Why Did 'Game of Thrones' Change the Quiet Isle into Ian McShane's Hippie Commune?

The latest 'Game of Thrones' episode was surprising to both book and show fans. We break down that Ian McShane and Sandor Clegane scene. 


Ian McShane and The Hound’s storyline in the most recent episode of Game of Thrones was a departure for both the show and the books. For show-only fans, seeing a hippie commune filled with smiling people spouting peaceful proverbs felt wildly out of place. It was as jarring as it would be to see a Game of Thrones style battle would be on a family sitcom. For book fans, The Hound’s return wasn’t a surprise, but it was shocking to see his fellows chatting happily. After all, the book basis for the sequence takes place on The Quiet Isle.

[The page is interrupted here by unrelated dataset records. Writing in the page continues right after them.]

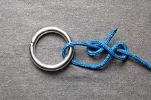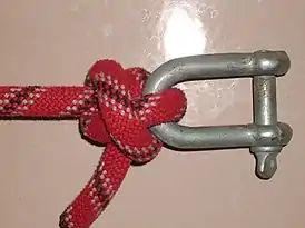 ![]() лисель-галсовый узел, завязанный на скобе | |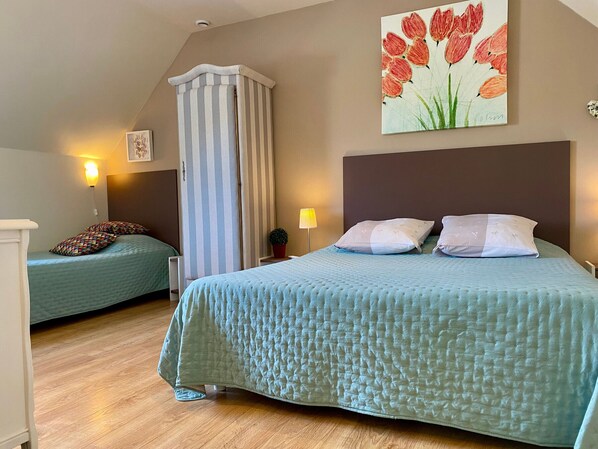 Upstairs: living room/living room (140x190 convertible) with kitchenette and large bedroom (160x200 bed + 90x190 bed) with adjoining bathroom/wc.
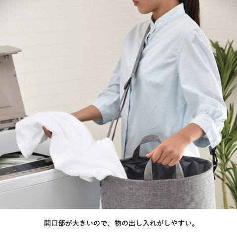 | たっぷり容量と、ショルダー付きでマルチに使えるランドリーバッグ。 ランドリー以外にも、リビングやキッチン、アウトドア等、様々なシーンで活躍。 |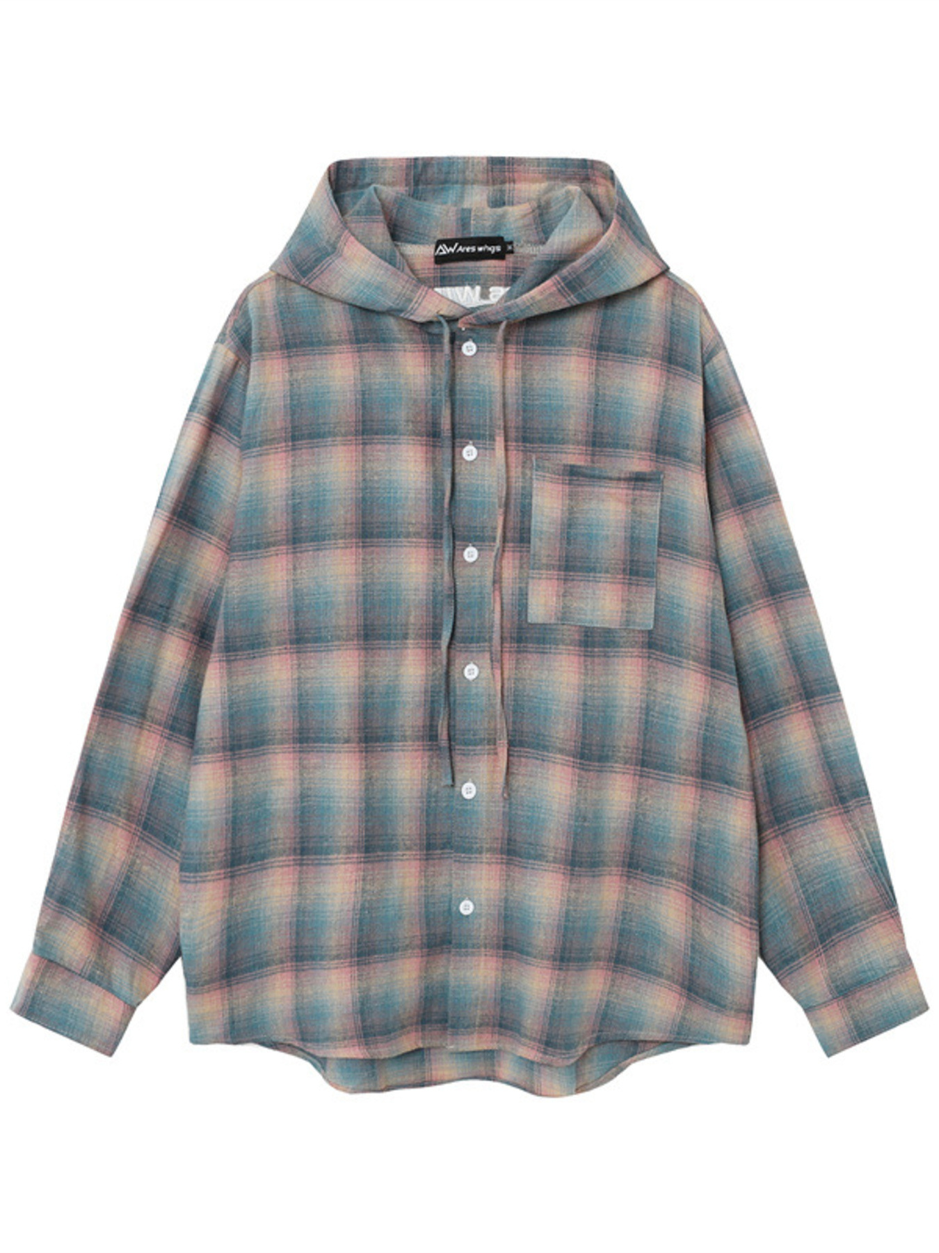 Men's Drawstring Plaid Button Up Hooded Shirt

Like the show, it’s a peaceful refuge from the harsh outside world, and it’s filled with men who follow the faith of the Seven. As you might have surmised from its name, they live under a vow of silence.

But unlike Arthur Dayne’s one-sword to two-sword change, which book fans were rather salty about, this tweak makes sense.

On the page, The Hound is known as The Gravedigger, a silent man who wears a cloak obscuring his face. While the reveal would have been dramatic in the show, filming his legs and cutting his face had the same effect. And while a community taking a vow of silence sounds good in theory and works nicely in a book, it would be much harder to convey The Hound’s changed attitude if he had no dialogue.

Plus, what kind of world would silence Ian McShane?

Tweaking the Quiet Isle in favor of Ian McShane’s hippie commune will go down in Game of Thrones history as arguably the most sensible book-to-show change.